§ **Problem to work on**: For the records that follow, please set down exactly the lines between the one holding "with built-in filtration." and the one holding "اعتماد ، چهارشنبه ۲۵ بهمن", inclusive, and only those.

§ **Data extract**:

------------

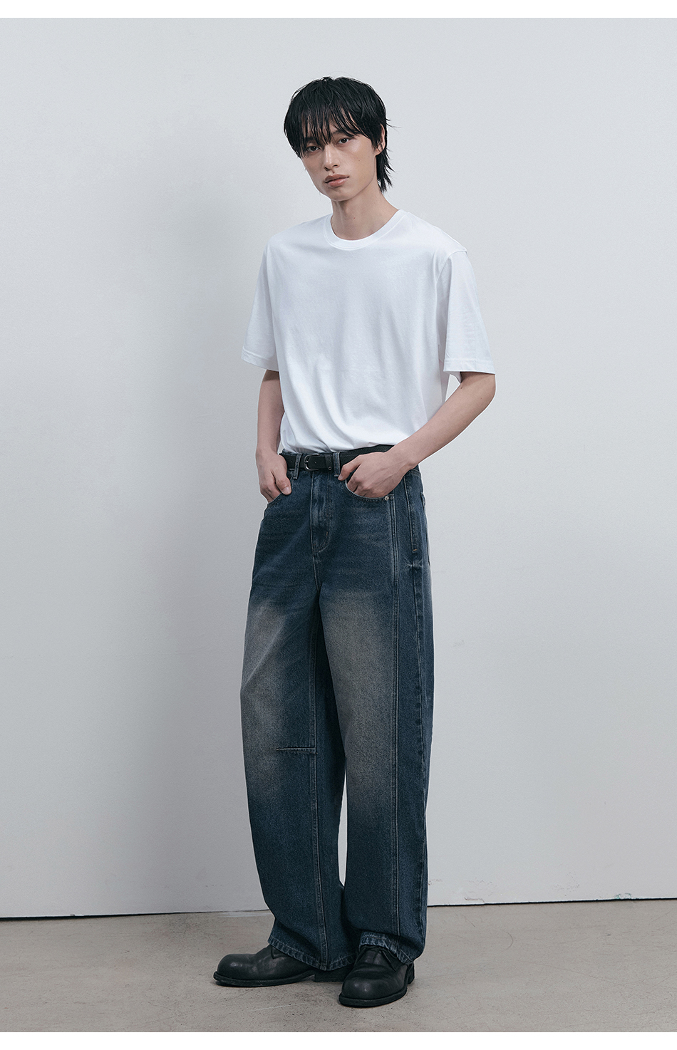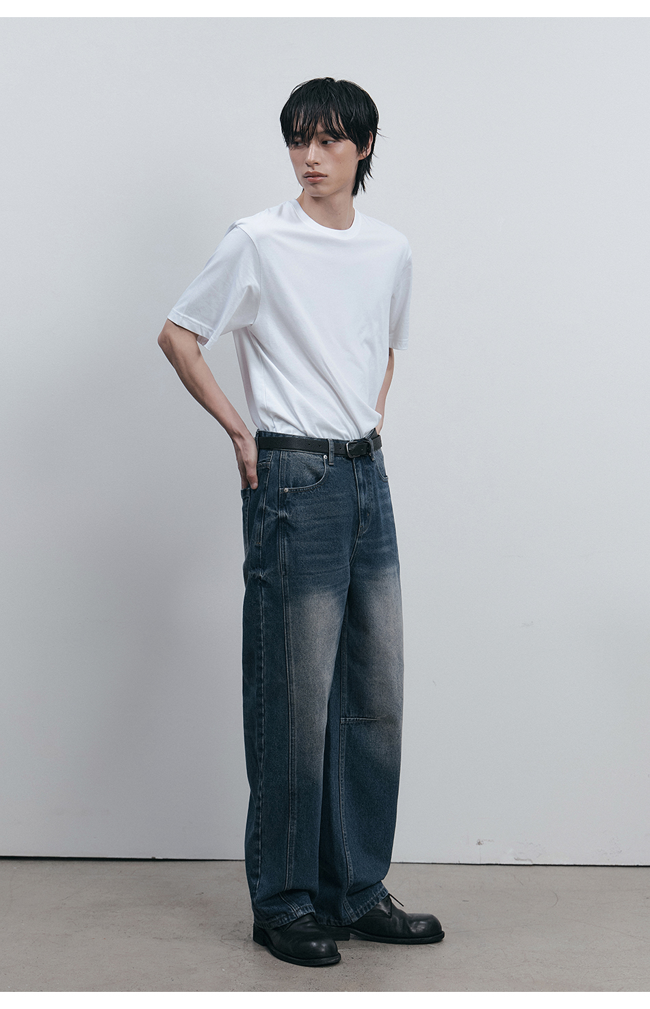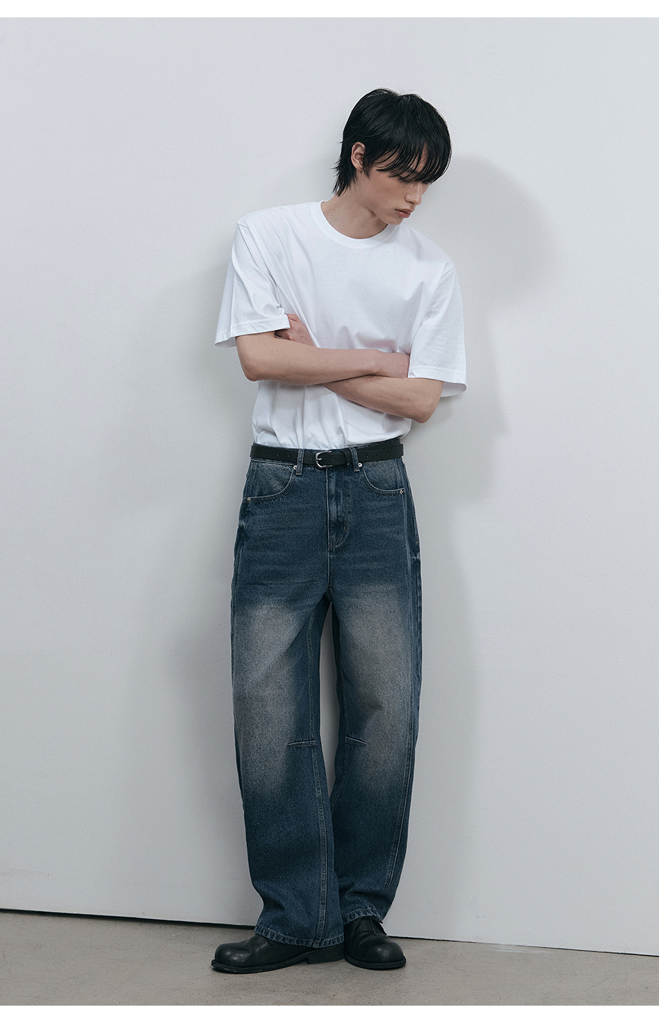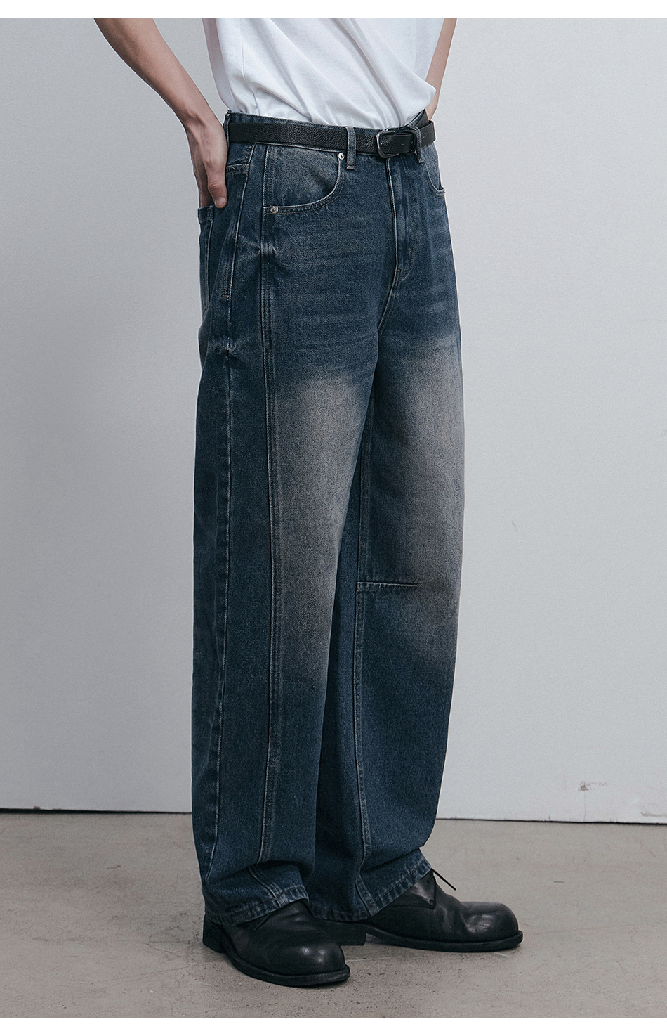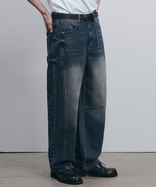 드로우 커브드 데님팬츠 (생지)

------------

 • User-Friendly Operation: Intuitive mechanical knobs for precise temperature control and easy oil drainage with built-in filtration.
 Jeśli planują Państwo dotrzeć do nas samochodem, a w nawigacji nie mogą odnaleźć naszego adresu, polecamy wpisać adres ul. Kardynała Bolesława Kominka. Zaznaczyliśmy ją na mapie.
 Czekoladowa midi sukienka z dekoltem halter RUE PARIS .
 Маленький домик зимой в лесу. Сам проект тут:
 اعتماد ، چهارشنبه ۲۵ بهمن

------------

§ **Task answer**:
 • User-Friendly Operation: Intuitive mechanical knobs for precise temperature control and easy oil drainage with built-in filtration.
 Jeśli planują Państwo dotrzeć do nas samochodem, a w nawigacji nie mogą odnaleźć naszego adresu, polecamy wpisać adres ul. Kardynała Bolesława Kominka. Zaznaczyliśmy ją na mapie.
 Czekoladowa midi sukienka z dekoltem halter RUE PARIS .
 Маленький домик зимой в лесу. Сам проект тут:
 اعتماد ، چهارشنبه ۲۵ بهمن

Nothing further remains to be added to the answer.